Лукавый взор

Елена Арсеньева, 2022

Завораживающая и интригующая, как и все романы, вышедшие из-под пера несравненной Елены Арсеньевой, эта история не отпускает, пока не будет прочитана самая последняя страница. Париж начала XIX века охвачен тайной: кто скрывается под псевдонимом Лукавый Взор? Статьи этого корреспондента газеты «Бульвардье» раскрывают такие подробности жизни столицы, делают тонкие намеки на такие толстые обстоятельства, что остается только ждать и гадать: что и кто кроется за всем этим? Как обернутся события? А обстановка в стране накаляется: грядут очередные революционные беспорядки. Предотвратить их или поддержать? Улучшить положение страны на мировом рынке или погрузить ее в новую пучину? Множество людей, и в том числе бесстрашные и прекрасные женщины, принимают участие в ее спасении – или разрушении… К тому же, на карту поставлены любовь и честь. А значит, борьба будет нешуточной. Не зря главный редактор газеты Араго заряжает пистолеты… Фрази впервые увидела его в тот день, когда в побежденный Париж входили русские войска. Кто-то толкнул ее под копыта марширующей конницы – но за секунду до неминуемой смерти Фрази подхватили сильные руки. Она взглянула в глаза своему спасителю и поняла, что никогда его не забудет. Никогда в жизни! А жизнь оказалась не очень добра к ней. Лишила родителей, заставила изменить своей первой любви и выйти за другого, но вскоре оставила вдовой… И вот Фрази снова в Париже. Незабываемый русский тоже здесь – все так же обворожителен, смел и… увлечен женщинами, имя которым – легион! Бороться за его расположение или гордо отвернуться? А самое главное, он ли это?! Библиография Елены Арсеньевой насчитывает более семи десятков детективных, исторических, любовных романов, а также несколько сборников новелл. В ее сказочно-фантастических повестях присутствуют не только реальные люди, но и волшебницы, колдуны, пришельцы из иных миров и множество других загадочных персонажей.

Оглавление

Соперники

Париж, 1832 год

Араго с надеждой всматривался в милое испуганное личико модистки. Восемнадцать лет назад, в 1814 году, той девочке, которая спасла ему жизнь, было шесть или семь лет. У модистки каштановые волосы и темные глаза, то и дело заплывающие слезами: видимо, боится, что за опоздание ее ждет нагоняй от графини. Та девочка тоже плакала, дрожа от жалости и страха и убирая с лица растрепанные кудрявые пряди, глядя на Державина. Рядом топтался Тибо, который старался выглядеть молодцом…

Араго тяжело вздохнул.

Он не помнил, какого цвета были глаза и волосы его спасительницы. Казалось, никогда не забудет эту чумазую мордашку, но нет, забыл! Помнил только имя. Имя мальчишки тоже помнил.
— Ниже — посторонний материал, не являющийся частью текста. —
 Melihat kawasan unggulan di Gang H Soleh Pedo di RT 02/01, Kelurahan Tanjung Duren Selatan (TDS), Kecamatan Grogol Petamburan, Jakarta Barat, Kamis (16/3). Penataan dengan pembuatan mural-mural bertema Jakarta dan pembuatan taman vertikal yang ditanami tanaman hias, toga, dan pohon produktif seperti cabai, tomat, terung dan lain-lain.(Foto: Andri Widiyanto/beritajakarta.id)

Фрази и Тибо — вот как их звали.

Фрази!..

Неужели это она? Неужели она?!

Нет, не может быть. Модистка совсем юная. А Фрази сейчас должно быть лет двадцать пять, не меньше.

— Да где же ее сиятельство?! — взволнованно воскликнула девушка, и внезапно с середины лестницы раздался голос Андзи:

— Да ее шиятельство, наверное, в будуаре ваш поджидает. Вон туда пройдите, — она махнула в сторону комнаты, где бывшие инсургенты несколько минут назад лелеяли свой польский гонор. — Анфиладою[68] идите, второй апартамент — это и ешть будуар.
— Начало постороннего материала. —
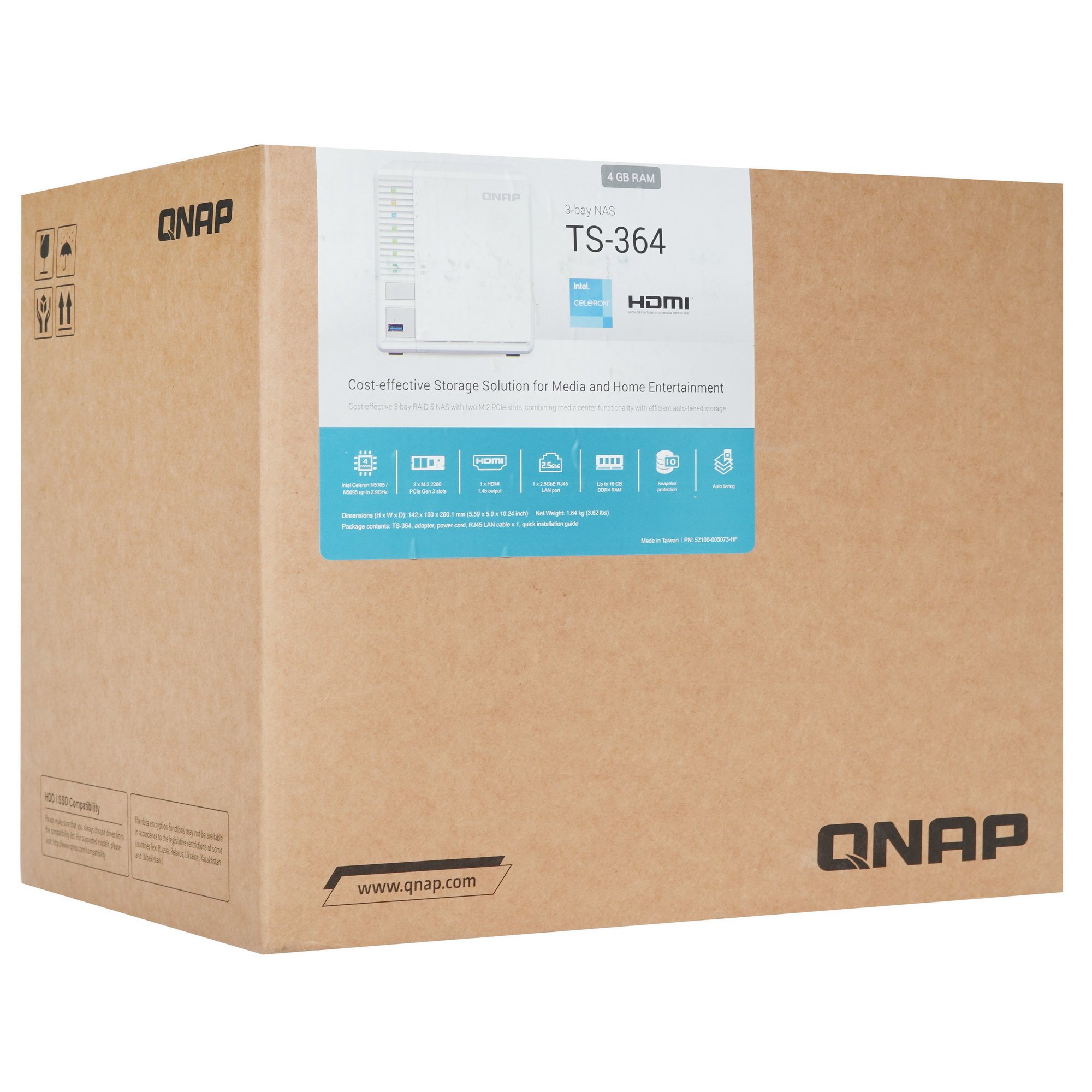 Сетевое хранилище (NAS) QNAP TS-364-4G обладает высоким уровнем производительности. Быстрое обращение с файлами при записи и чтении гарантируют 4-ядерный процессор Intel Celeron N5105 и 4 ГБ оперативной памяти. Сетевое подключение хранилища осуществляется посредством 2.5-гигабитного порта Ethernet. Активная система охлаждения, представленная единственным вентилятором, исключает перегрев устройства и смонтированных накопителей. Наличие USB-портов позволяет выполнять подключение внешних дисков и флеш-накопителей. Хранилище рассчитано на настольное размещение.

— Ой, сначала надо платье с крыльца забрать! — спохватилась модистка и побежала вниз по лестнице.

Андзя, видимо, сообразив, что сейчас раскроются ее проделки с колокольчиком, скинула сабо, схватила их в охапку и ринулась следом, приговаривая:

— Погодите, погодите, мамжель, отопру!

Широкоплечий поляк тоже заспешил, прыгая через ступеньки, и мигом обогнал обеих.

«Попалась Андзя! — усмехнулся Араго. — Однако где же все-таки я видел этого человека?..»
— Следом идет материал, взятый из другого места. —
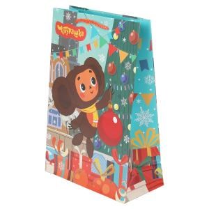 Пакет подарочный МАТОВЫЙ СОЮЗМУЛЬТФИЛЬМ ml,Чебурашка новогодн,140 гр/м2 ЧУДО ПРАЗДНИК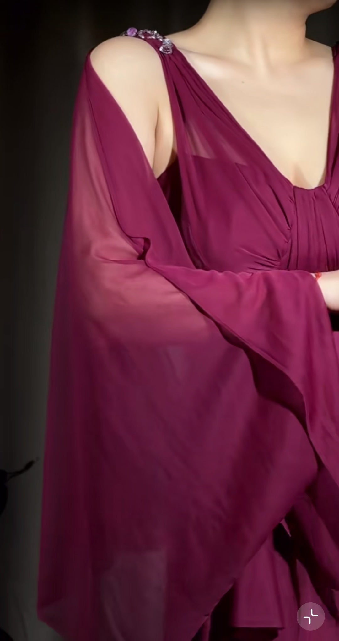 Elegant A-Line Grape V-neck Long Prom Dress Glam Sleeveless Chiffon Evening Dress ED01958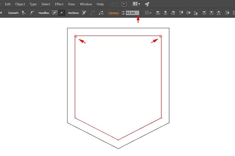第6步、用直接选择工具,选择顶部的两个锚点。从选项栏添加很小的圆角值。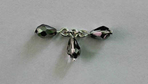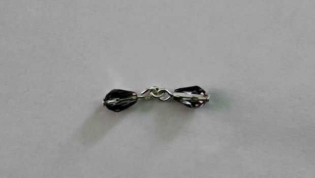 Con el alambre sobrante de los pernos de la cabeza, forma dos pequeños lazos alrededor de sus alicates de punta. Coloque el primer lazo a dos de los granos. Fije el segundo bucle al tercer grano y otro grano, para que tengas las cuentas de tres conectadas por los dos lazos.

— Але, панове[69], наверняка наша кава уже простыла, — воскликнул кто-то, и теперь уже все гости помчались вниз, словно умирали от жажды и голода. Впереди бежали паны, предоставив дамам осторожно спускаться в своих шелковых бальных башмачках по скользким ступенькам.

Араго сделал шаг назад, решив воспользоваться случаем и незаметно проскользнуть в будуар графини, прежде чем модистка принесет туда новый наряд. По его расчетам, в запасе было минут пять. Он не оставил надежды затеять интрижку с прекрасной Стефанией, а момент внезапности может обеспечить успех свидания. Ничего особенного добиться времени не хватит, но поцелуй можно успеть сорвать, если повезет! Араго не раз убеждался на собственном опыте, что первый поцелуй — залог немалого успеха. А то, что польская красавица графиня, безусловно, опасна, можно сказать, враг, придавало ситуации не только особую пикантность, но и побуждало к решительным действиям.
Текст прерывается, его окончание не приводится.